The constraints of Fukushima and Chernobyl are vastly different. First of all, in Chernobyl the surrounding infrastructure was not destroyed. Second, they had an open reactor in Chernobyl, so it was immediately clear that they need to build a sarcophagus. By contrast in Fukushima the biggest problem is water management. And especially the management of contaminated ground water, while it is not clear that a sarcophagus would solve much, since the containment is apparently somewhat intact.

So while I think that Tepco did make horrible mistakes, I am actually not sure that the response was less than optimal. Largely because the USSR did commit similar mistakes in Chernobyl, for example not registering the liquidators.

My point is that the Government should be the one trying to resolve that issue. Not Tepco. My claim is we would be all better off if a state could throw in its resources to help with the Disaster after effects. They seem just to sit there and blame Tepco instead of doing their job.

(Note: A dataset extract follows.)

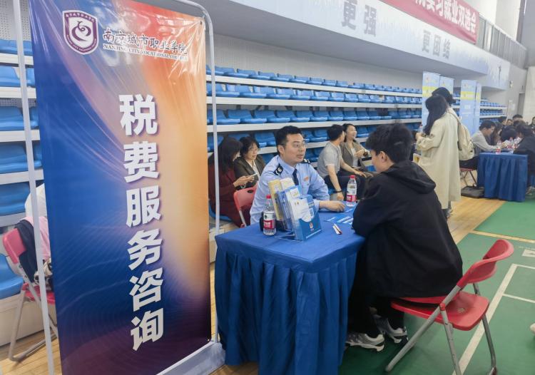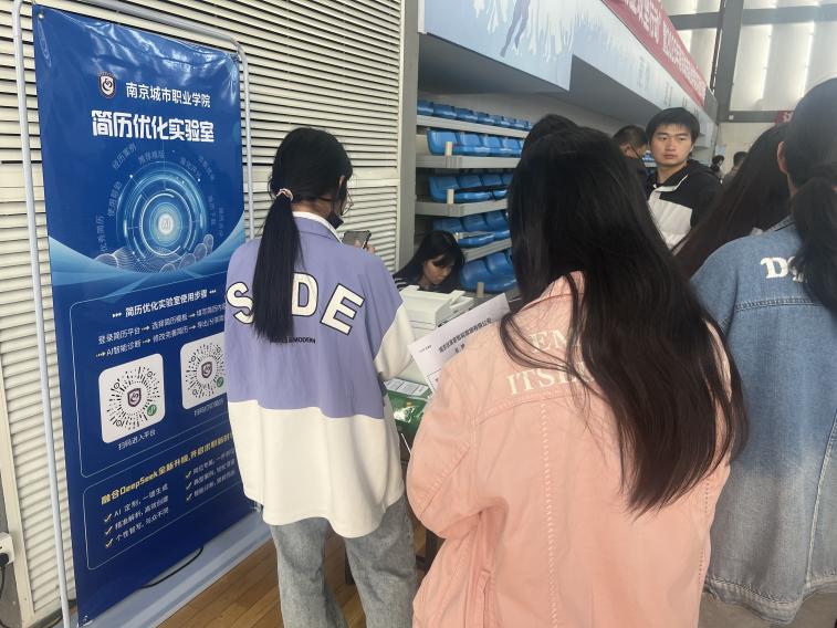 双选会现场设置多个专区。政策咨询与就业指导服务台,为毕业生提供政策指导;简历优化实验室,现场提供AI简历优化制作打印服务。溧水区人社局、溧水区税务局、秦淮区人社局及我校相关职能部门现场开展政策宣传,为学生答疑解惑,鼓励学生留宁就业。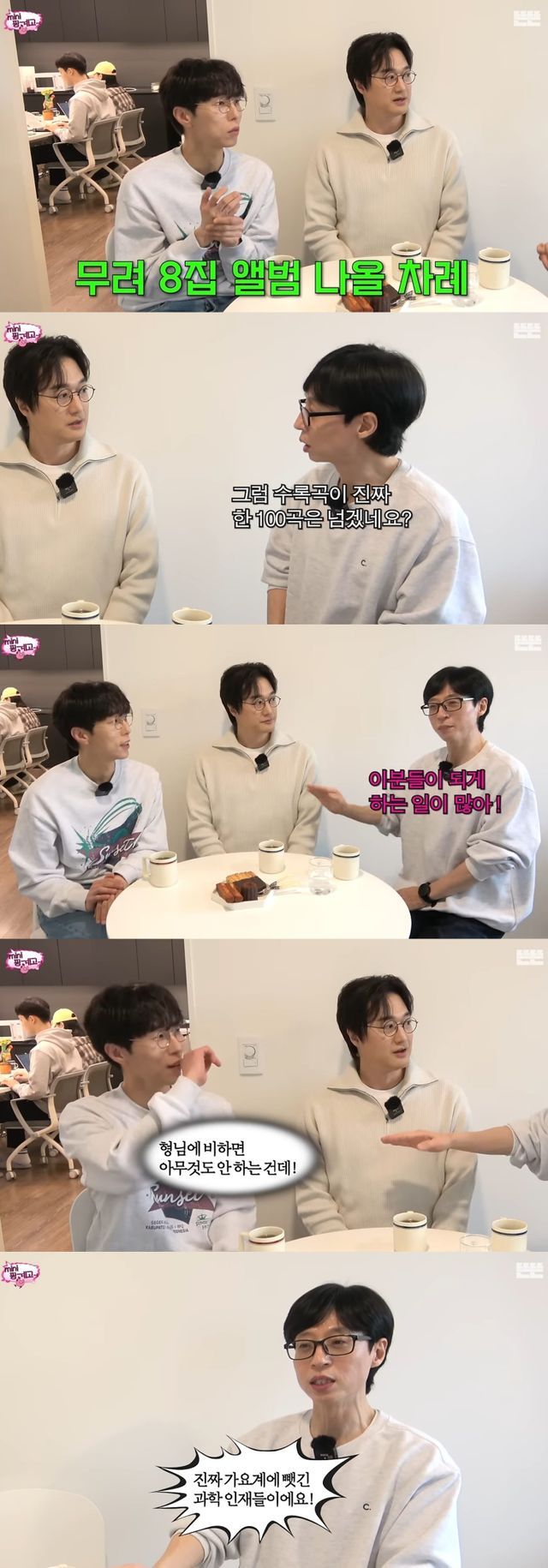두 사람이 8집 앨범을 준비 중이라고 밝히자 유재석은 놀라며 "수록곡이 100곡은 넘겠네요?"라고 질문했다.

Just a little curios do you know how many people died to put initial Sarcophagus in place? Official Soviet count is 31: http://en.wikipedia.org/wiki/Deaths_due_to_the_Chernobyl_dis... . Amount of people Soviet's threw in action is so enormous that it is silly to think that Japan could have matched anything like that. Especially with more immediate concerns of people not having food and shelter after Tsunami.